Exercise directions - Write exactly the lines running from the start of the material below to the line that includes "Kacho Trampoline 12FT, Trampoline", and include no pictures.

Dataset content -

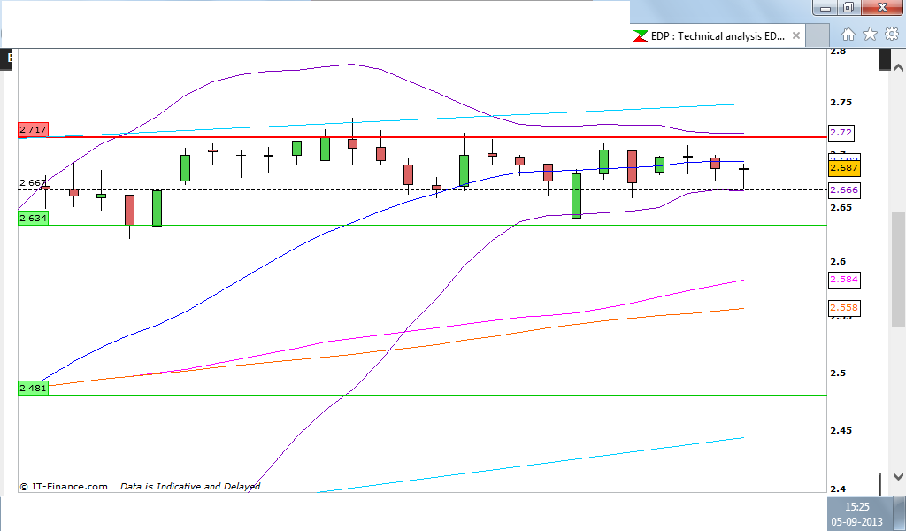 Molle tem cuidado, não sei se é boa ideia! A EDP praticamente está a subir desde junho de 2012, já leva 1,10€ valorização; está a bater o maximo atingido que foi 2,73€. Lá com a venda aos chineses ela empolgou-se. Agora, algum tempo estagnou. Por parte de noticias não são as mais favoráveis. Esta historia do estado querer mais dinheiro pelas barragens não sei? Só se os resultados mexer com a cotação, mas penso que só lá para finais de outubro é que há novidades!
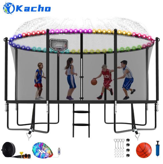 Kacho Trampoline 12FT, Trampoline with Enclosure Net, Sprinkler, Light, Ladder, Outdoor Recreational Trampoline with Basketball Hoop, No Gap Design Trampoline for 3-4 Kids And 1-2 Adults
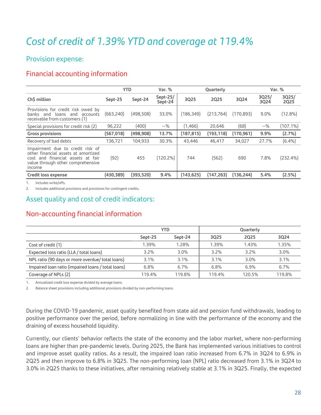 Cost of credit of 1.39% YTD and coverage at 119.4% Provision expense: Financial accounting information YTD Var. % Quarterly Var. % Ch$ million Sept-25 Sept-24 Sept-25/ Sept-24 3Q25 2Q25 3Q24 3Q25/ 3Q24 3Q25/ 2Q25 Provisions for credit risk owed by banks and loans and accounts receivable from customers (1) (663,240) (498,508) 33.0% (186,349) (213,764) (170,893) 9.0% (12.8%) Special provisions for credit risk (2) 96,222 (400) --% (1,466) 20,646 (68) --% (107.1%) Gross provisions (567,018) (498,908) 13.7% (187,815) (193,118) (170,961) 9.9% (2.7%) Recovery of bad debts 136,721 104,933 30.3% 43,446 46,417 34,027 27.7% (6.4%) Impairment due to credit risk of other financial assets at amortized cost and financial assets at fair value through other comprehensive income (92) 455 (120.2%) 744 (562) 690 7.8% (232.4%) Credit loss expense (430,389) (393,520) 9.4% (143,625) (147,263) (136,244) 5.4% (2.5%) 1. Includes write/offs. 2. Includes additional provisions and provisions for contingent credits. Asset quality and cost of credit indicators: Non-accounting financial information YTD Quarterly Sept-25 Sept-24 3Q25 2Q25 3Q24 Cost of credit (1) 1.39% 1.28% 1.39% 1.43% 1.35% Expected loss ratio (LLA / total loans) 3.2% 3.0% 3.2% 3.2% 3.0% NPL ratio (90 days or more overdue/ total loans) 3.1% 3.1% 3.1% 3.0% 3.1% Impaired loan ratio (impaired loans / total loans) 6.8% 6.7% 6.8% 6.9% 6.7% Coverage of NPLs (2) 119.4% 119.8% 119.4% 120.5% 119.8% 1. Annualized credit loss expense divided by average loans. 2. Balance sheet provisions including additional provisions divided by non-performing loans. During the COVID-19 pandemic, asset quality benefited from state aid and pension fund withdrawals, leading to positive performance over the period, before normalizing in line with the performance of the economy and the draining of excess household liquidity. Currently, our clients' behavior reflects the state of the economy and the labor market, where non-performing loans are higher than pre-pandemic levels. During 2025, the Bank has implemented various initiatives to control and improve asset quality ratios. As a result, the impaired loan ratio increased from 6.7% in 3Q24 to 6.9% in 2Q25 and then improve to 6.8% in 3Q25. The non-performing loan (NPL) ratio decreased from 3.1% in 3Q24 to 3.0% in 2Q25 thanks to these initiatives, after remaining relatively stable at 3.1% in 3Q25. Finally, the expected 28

Exercise response -
 Molle tem cuidado, não sei se é boa ideia! A EDP praticamente está a subir desde junho de 2012, já leva 1,10€ valorização; está a bater o maximo atingido que foi 2,73€. Lá com a venda aos chineses ela empolgou-se. Agora, algum tempo estagnou. Por parte de noticias não são as mais favoráveis. Esta historia do estado querer mais dinheiro pelas barragens não sei? Só se os resultados mexer com a cotação, mas penso que só lá para finais de outubro é que há novidades!
 Kacho Trampoline 12FT, Trampoline with Enclosure Net, Sprinkler, Light, Ladder, Outdoor Recreational Trampoline with Basketball Hoop, No Gap Design Trampoline for 3-4 Kids And 1-2 Adults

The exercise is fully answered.